## [Task to carry out]
Leaving every picture out, please return exactly the lines from the top of the material below through the line with "Sophisticated Elegance: Delicate", both included.

## [Supplied records]
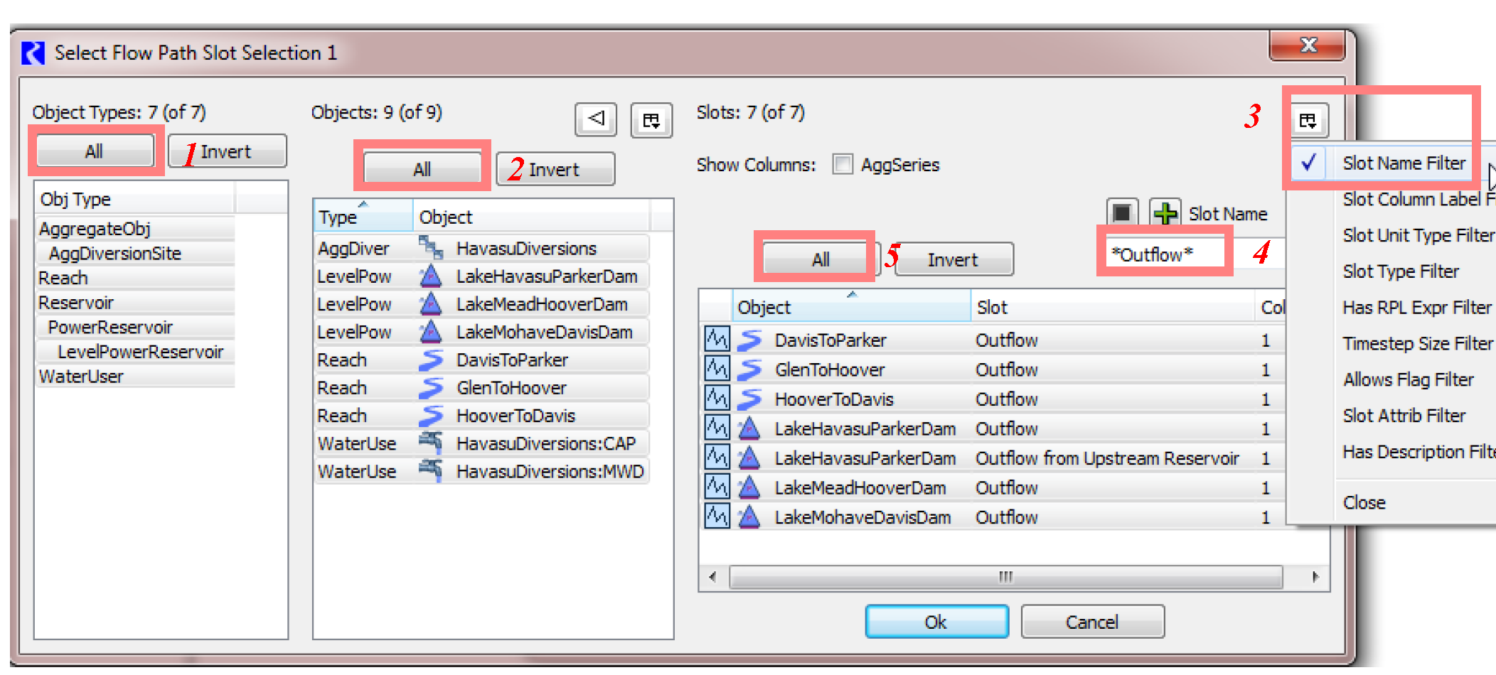 6. Select Ok. Use the Any Slot option or choose only Inflow slots.
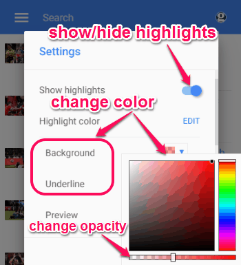 “Player Card” extension allows you to show or hide highlights for the names on a web page. It also lets you change highlight color (background and underline) and its opacity. Simply click on the extension icon and then from the hamburger icon you will be able to customize highlight color and opacity. The following image shows how to change highlight color and its opacity.
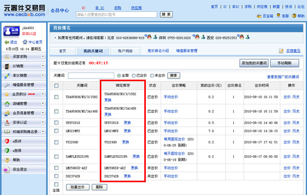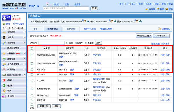 當日17:00競價成功后,競價成功的關鍵詞所對應的產品信息會在次日00:00展示在元器件交易網搜索結果頁前三位,效果如下圖:
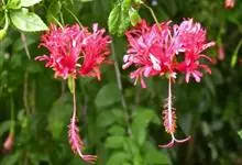 吊灯扶桑 Hook. f.)为锦葵科木槿属的常绿灌木。高达3米;小枝常下垂;叶椭圆形或长圆形,先端尖或短渐尖,基部楔形;花梗细,无毛或具纤毛,中部具节;蒴果长圆柱形;花期全年。因似灯笼高挂,…全部>>
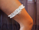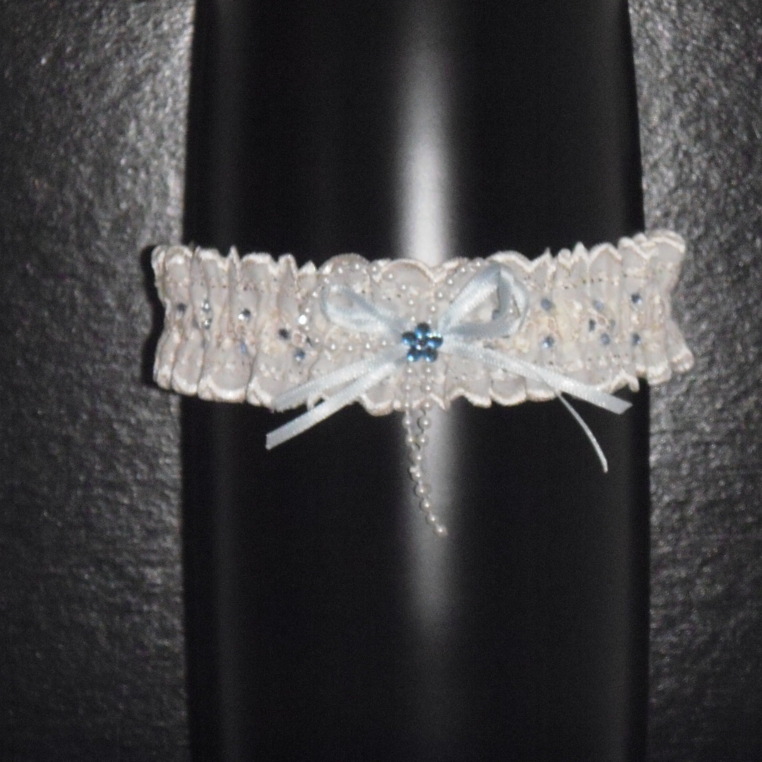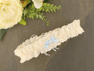 Sophisticated Elegance: Delicate Ivory Wedding Garter with Blue Satin Bow
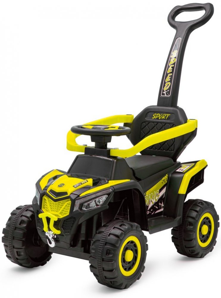 Ruggy se pyšní atraktivním terénním vzhledem inspirovaným off-road vozidly. Jeho masivní konstrukce, sportovní linie a dynamické barvy jistě zaujmou každé zvídavé dítě. Pohodlnou jízdu navíc zajišťuje ergonomicky tvarované sedadlo z ekologické kůže.
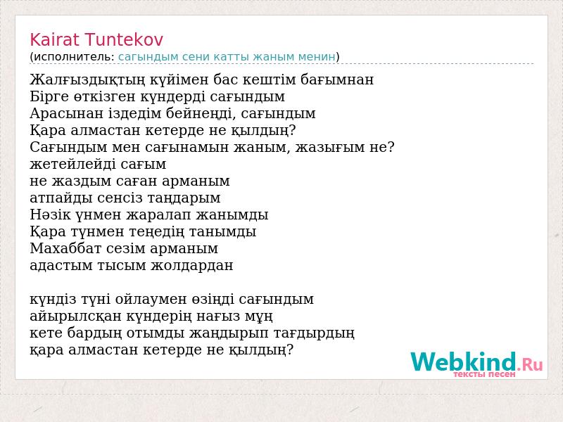 Жалғыздықтың күйімен бас кештім бағымнан Бірге өткізген күндерді сағындым Арасынан іздедім бейнеңді, сағындым Қара алмастан кетерде не қылдың? Сағындым мен сағынамын жаным, жазығым не? жетейлейді сағым не жаздым саған арманым атпайды сенсіз таңдарым Нәзік үнмен жаралап жанымды Қара түнмен теңедің танымды Махаббат сезім арманым адастым тысым жолдардан күндіз түні ойлаумен өзіңді сағындым айырылсқан күндерің нағыз мұң кете бардың отымды жаңдырып тағдырдың қара алмастан кетерде не қылдың?
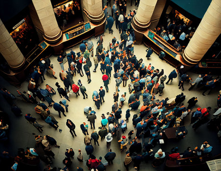 An AI generated illustration of a diverse group of people standing in a circle in a large hall
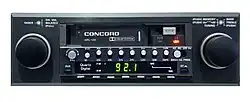 Concord mobile audio equipment quickly became one of the leading sellers of high-end, in-dash automobile cassette deck receivers, amplifiers and accessories. The 1982 Concord HPL-130 pioneered the use of Sendust tape playback heads, dbx noise reduction circuitry as well as Dolby noise reduction circuitry, four-gang quartz digital tuning and an audio reproduction range of 30-20,000 Hz, at less than 0.08% distortion, rivaling many in-home audio receivers at a retail price of $ 600 (equivalent to $1,955 in 2024).[29] The Concord mobile product lineup included equalizers, amplifiers and external noise-reduction units designed to seamlessly enhance an in-dash unit's performance.
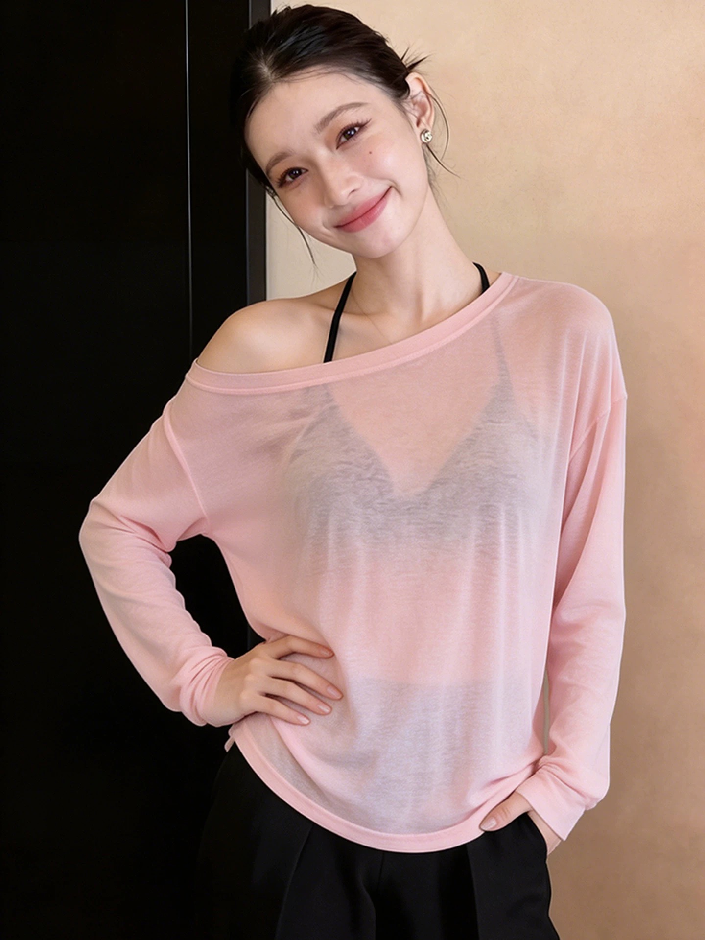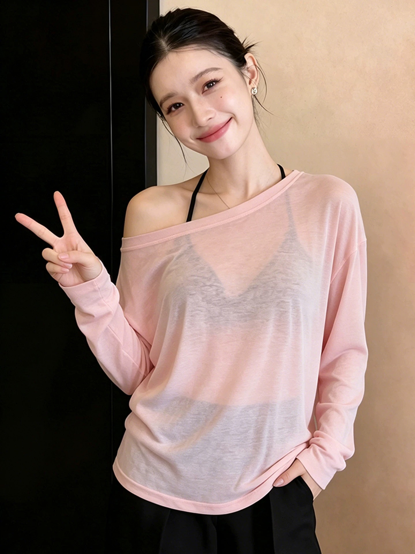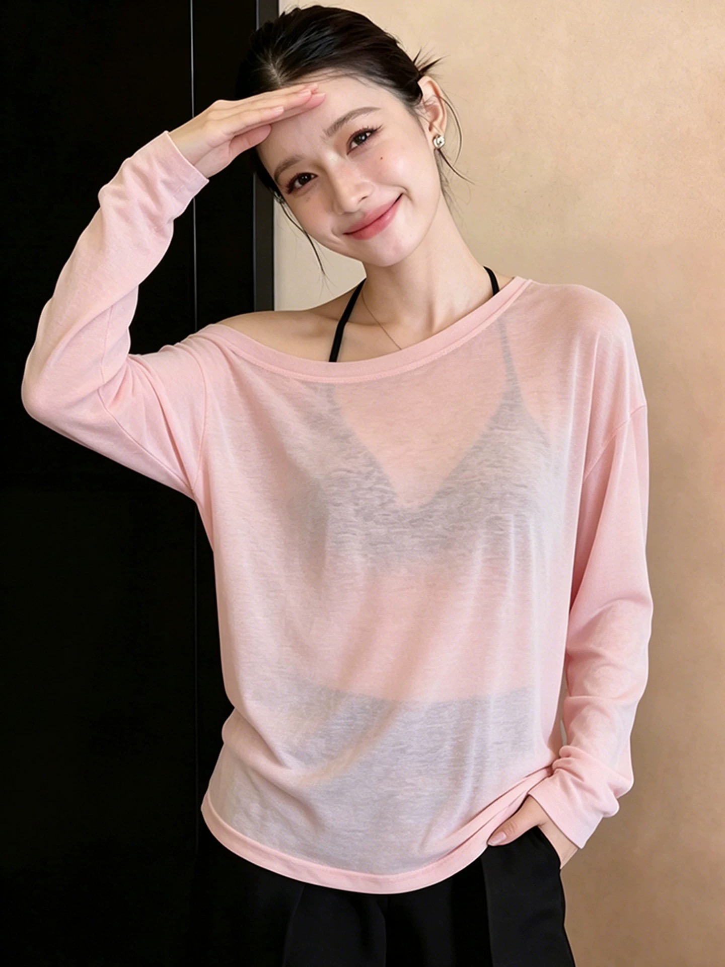 긴팔 티셔츠 여성 짧은 2026 여름 고유 한 디자인 센스 자외선 차단 Tulle 맨위 느긋한 바람 에어컨 블라우스

## [Exercise result]
 6. Select Ok. Use the Any Slot option or choose only Inflow slots.
 “Player Card” extension allows you to show or hide highlights for the names on a web page. It also lets you change highlight color (background and underline) and its opacity. Simply click on the extension icon and then from the hamburger icon you will be able to customize highlight color and opacity. The following image shows how to change highlight color and its opacity.
 當日17:00競價成功后,競價成功的關鍵詞所對應的產品信息會在次日00:00展示在元器件交易網搜索結果頁前三位,效果如下圖:
 吊灯扶桑 Hook. f.)为锦葵科木槿属的常绿灌木。高达3米;小枝常下垂;叶椭圆形或长圆形,先端尖或短渐尖,基部楔形;花梗细,无毛或具纤毛,中部具节;蒴果长圆柱形;花期全年。因似灯笼高挂,…全部>>
 Sophisticated Elegance: Delicate Ivory Wedding Garter with Blue Satin Bow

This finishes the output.